Exercise: Now that we've got the data, let's do one exercise focused on manipulating the data within numpy arrays. Remember what we've learned about slicing arrays and broadcasting operations.
Every chemical property on the wine dataset is measured in different units. Let's normalize all the data so that it is on the same scale. To do this, we will first subtract the mean (
np.mean
) of each column from each element in the column, then divide by the standard deviation of the column (np.std
). The quality column (last column) is not a chemical property, so we will not normalize it. Save the normalized data + original quality column to a new array.
# Your code here
# make a reference to the wines array without the last column
wines_array_chemicals = wines_array[:,:-1]
# calculate the mean of each column
means = np.mean(wines_array_chemicals, axis=0)
# calculate the standard deviation of each column
stds = np.std(wines_array_chemicals, axis=0)
# calculate the z-scores and assign them to a new array, z_scores
z_scores = (wines_array_chemicals - means) / stds
# add back the quality column to the z_scores array (hint: use np.column_stack)
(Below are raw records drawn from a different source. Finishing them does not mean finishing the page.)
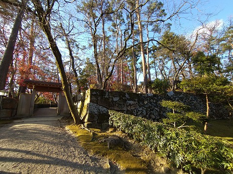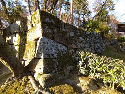 大正8年(1919)、荒廃していた城跡を、教団「大本」が買取り石垣を積み直し、「天恩卿」として神苑整備されました。昭和10年(1935)の大本弾圧事件で廃墟と化しましたが、戦後 同教団によって復興され、城跡のたたずまいとして残る石垣と清閑な森は、往時を偲ばせてくれます。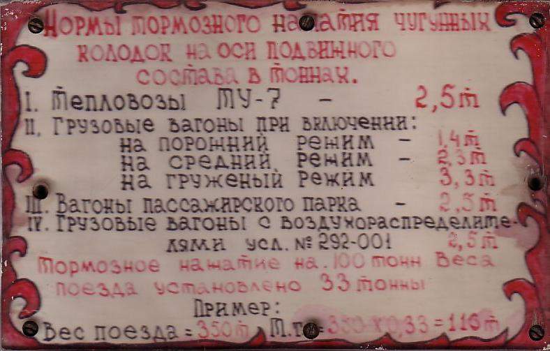 Табличка, находившаяся в тепловозе ТУ7А-2890 (о нормах тормозного нажатия чугунных колодок на оси подвижного состава).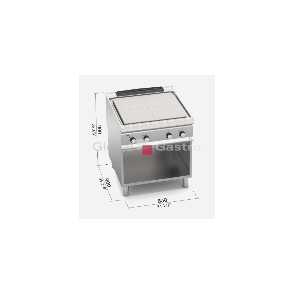 Elektrický tálový sporák (jedna velká nedělená varná plocha) s topnými tělesy o výkonu 3,5kW rovnoměrně rozloženými do čtyř zón. Plynulá regulace jednotlivých zón s kontrolkou chodu. Kompaktní provedení s otevřeným podstavcem.

z_scores = np.column_stack((z_scores, wines_array[:,-1]))
print(z_scores)
[[-0.52835961 0.96187667 -1.39147228 ... -0.57920652 -0.96024611 5. ] [-0.29854743 1.96744245 -1.39147228 ... 0.1289504 -0.58477711 5. ] [-0.29854743 1.29706527 -1.18607043 ... -0.04808883 -0.58477711 5. ] ... [-1.1603431 -0.09955388 -0.72391627 ... 0.54204194 0.54162988 6. ] [-1.39015528 0.65462046 -0.77526673 ... 0.30598963 -0.20930812 5. ] [-1.33270223 -1.21684919 1.02199944 ... 0.01092425 0.54162988 6. ]]
Numpy is a foundational library¶
Numpy forms the basis of many other python libraries, and can be used as-is to analyze a surprising range of data.
Here is an example tutorial that use numpy to perform image analysis.
The package skimage is used for image processing. Images are easily represented as numpy arrays, where each pixel is a value in the array. You can represent color images at 3D arrays, where each dimension is a different color channel. Take a look at this tutorial to get an introduction to image processing.
Numpy is the basis of machine learning libraries like sklearn, pandas, scipy, and inspires libraries like tensorflow. For a more in depth tutorial on numpy, check out the visual guide to numpy
Wrap-up¶
- Reading documentation is an important skill when using new functions, especially from imported libraries.
- Numpy is an external library that implements efficient data structures for large computations called arrays. Arrays can be single dimensional (e.g. one row of data), in which case they are called vectors, but can also be multi-dimensional Operations can be performed quickly on arrays with broadcasting.
- Arrays can be filtered with boolean masks.
- Data can be read directly from text files into Python data structures and Numpy arrays. Likewise, data can be written from Python to text files.ff
Next time, we will learn how to use pandas, a library that is built on top of numpy and is specifically designed for data analysis. We will learn how to read into dataframes, how to manipulate data, and how to create visualizations.